Tak jak wspomniano, woda ani regularne kąpiele nie sprawią, że zapach powodowany przez 2-Nonenal zniknie. Natomiast zmiana nawyków żywieniowych, zaprzestanie stosowania używek, ograniczenie stresu i dobre nawadnianie się zdecydowanie zmniejszają obecność tego czynnika zapachowego na skórze. Perfumy i mgiełki do ciała także z powodzeniem zamaskują niechciany zapach. W Japonii istnieją nawet dedykowane temu zagadnieniu specyfiki, tzw. neutralizatory.

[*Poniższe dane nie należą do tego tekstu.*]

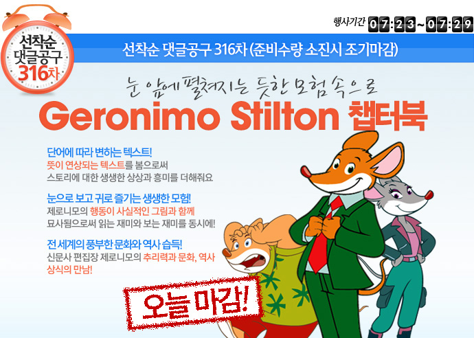 [´ñ±Û°ø±¸] Á¾·á [¼±Âø¼ø ´ñ±Û°ø±¸ 316Â÷] Geronimo Stilton éÅÍºÏ (±â°£: ~ 7/29±îÁö) |
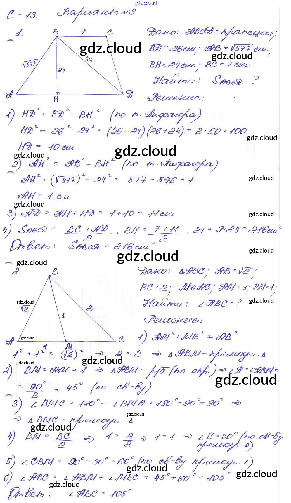 СР №13. Теорема Пифагора Ответы к Самостоятельным работам по Геометрии 8 класс Дидактические материалы Зив Просвещение
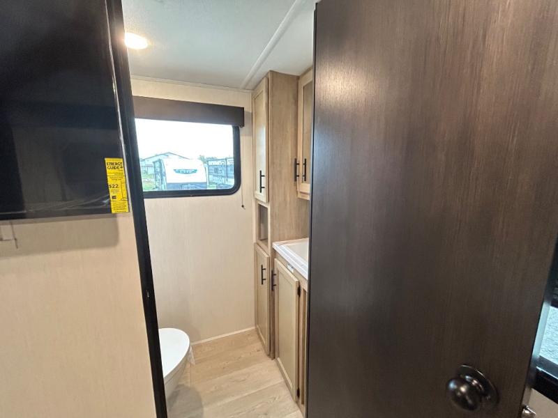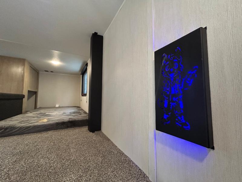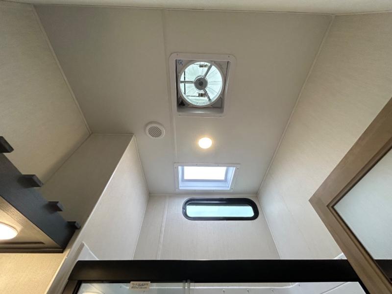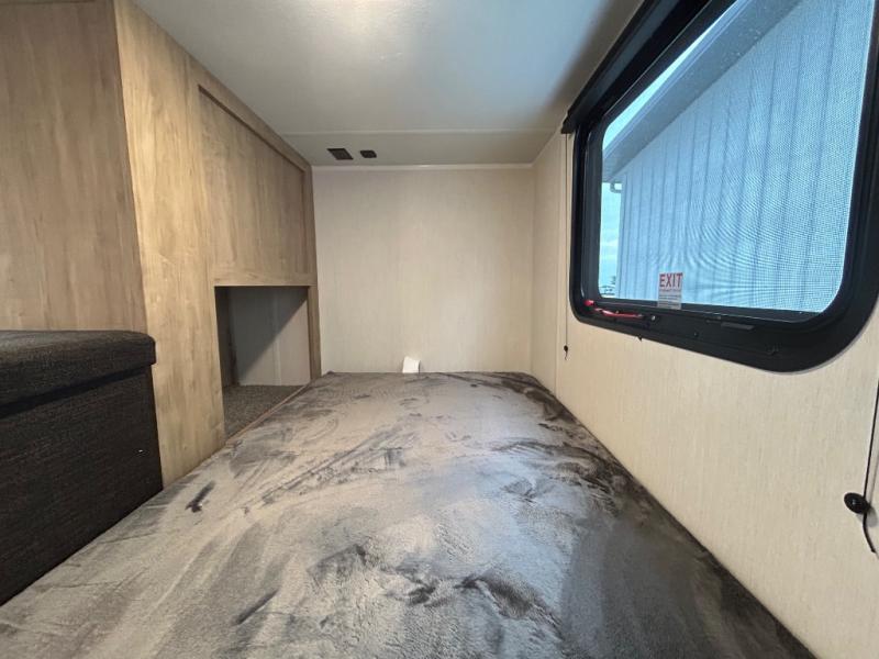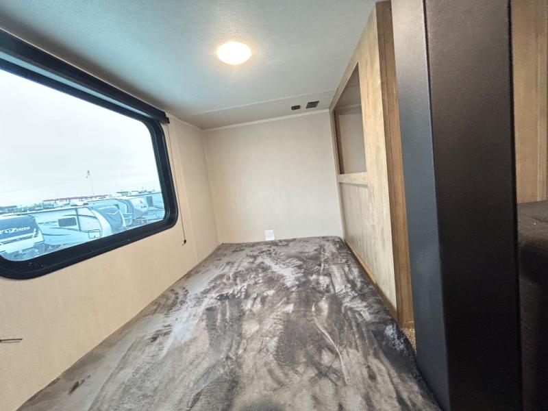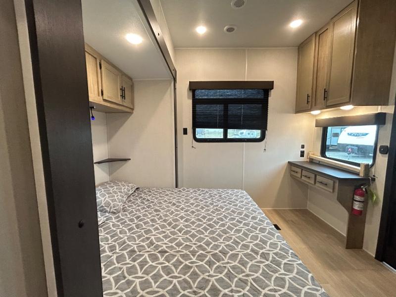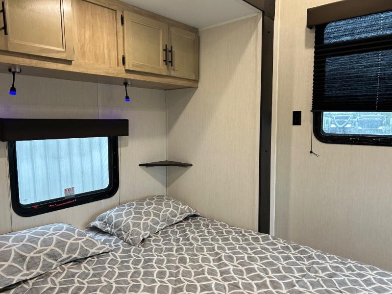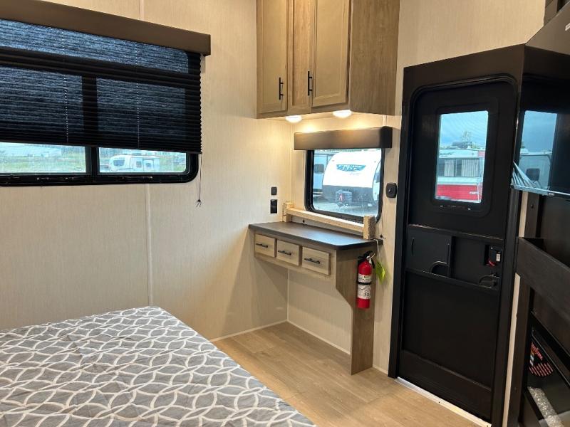 If you plan to camp with a larger group, this destination trailer will be perfect for you! There is a front private bedroom with a king bed slide out, a desk with a shoe rack underneath, plus an entertainment center with a fireplace to make it more cozy! Your guests can claim the rear den with a sofa slide out, plenty of storage, and their own full bath! There is even a loft above this room with two bunk mats and cabinets for storage. And the second full bath is up front right next to the bedroom for convenience. In the morning, everyone can meet in the combined kitchen and living area as the chef make breakfast in the full kitchen. There is a U-shaped dinette and hide-a-bed sofa within the large slide out here, plus an entertainment center with a fireplace and hidden walk-in pantry!

Podsumowując: zamiast szukać sposobów na przykrycie woni starszych osób i powielać krzywdzące sugestie o ich braku higieny, najbezpieczniej będzie pogodzić się z tym, że skład chemiczny naturalnego zapachu ludzi po prostu zmienia się wraz z wiekiem i niezbyt wiele możemy z tym zrobić.